### Problem details
Using the listing below, set down each line from the line containing "टिहरी गढ़वाल। जनपद" through the line containing "Bhalki (31 km)", both ends included, exactly and with nothing added.

+++ Given information

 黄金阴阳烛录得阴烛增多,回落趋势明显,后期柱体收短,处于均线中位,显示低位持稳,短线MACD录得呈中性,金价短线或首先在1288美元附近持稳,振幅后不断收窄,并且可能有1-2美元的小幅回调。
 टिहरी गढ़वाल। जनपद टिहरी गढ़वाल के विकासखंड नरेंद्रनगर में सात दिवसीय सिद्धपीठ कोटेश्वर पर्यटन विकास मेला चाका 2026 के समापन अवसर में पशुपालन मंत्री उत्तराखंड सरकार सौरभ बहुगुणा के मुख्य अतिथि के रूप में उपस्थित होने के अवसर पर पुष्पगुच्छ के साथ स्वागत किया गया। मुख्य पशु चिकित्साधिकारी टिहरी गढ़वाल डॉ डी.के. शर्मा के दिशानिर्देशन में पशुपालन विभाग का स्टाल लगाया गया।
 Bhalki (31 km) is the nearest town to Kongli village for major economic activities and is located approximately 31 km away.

++++++
+++ Given information

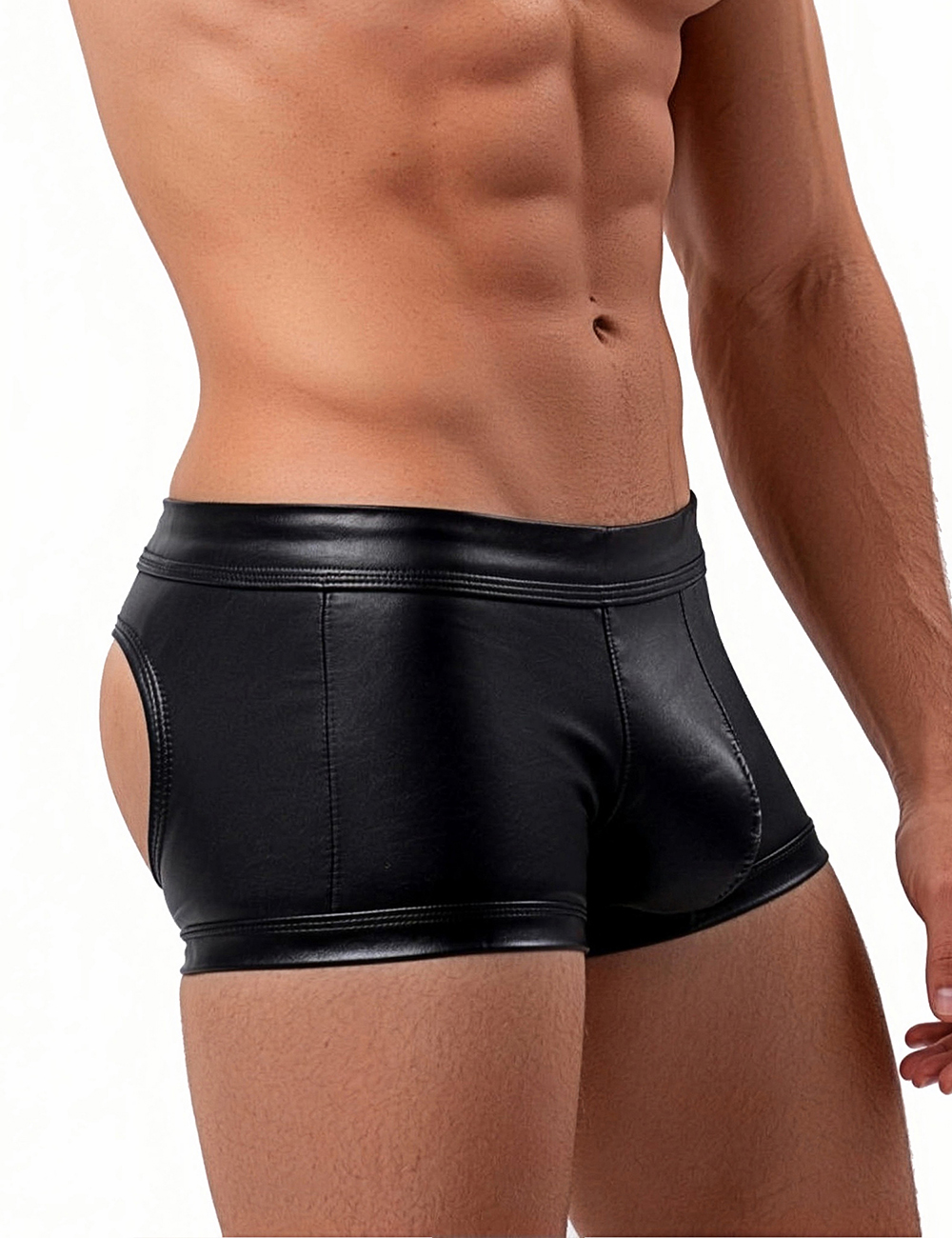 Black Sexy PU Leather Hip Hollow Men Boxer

++++++
+++ Given information

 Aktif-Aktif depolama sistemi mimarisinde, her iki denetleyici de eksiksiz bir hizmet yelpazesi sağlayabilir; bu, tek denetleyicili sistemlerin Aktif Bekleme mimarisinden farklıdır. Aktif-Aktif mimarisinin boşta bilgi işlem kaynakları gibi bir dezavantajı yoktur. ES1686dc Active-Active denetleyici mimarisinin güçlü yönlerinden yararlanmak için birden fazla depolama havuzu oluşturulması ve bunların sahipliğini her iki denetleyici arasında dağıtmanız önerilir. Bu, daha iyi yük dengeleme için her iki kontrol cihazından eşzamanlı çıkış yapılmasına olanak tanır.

++++++

### Task result
 टिहरी गढ़वाल। जनपद टिहरी गढ़वाल के विकासखंड नरेंद्रनगर में सात दिवसीय सिद्धपीठ कोटेश्वर पर्यटन विकास मेला चाका 2026 के समापन अवसर में पशुपालन मंत्री उत्तराखंड सरकार सौरभ बहुगुणा के मुख्य अतिथि के रूप में उपस्थित होने के अवसर पर पुष्पगुच्छ के साथ स्वागत किया गया। मुख्य पशु चिकित्साधिकारी टिहरी गढ़वाल डॉ डी.के. शर्मा के दिशानिर्देशन में पशुपालन विभाग का स्टाल लगाया गया।
 Bhalki (31 km) is the nearest town to Kongli village for major economic activities and is located approximately 31 km away.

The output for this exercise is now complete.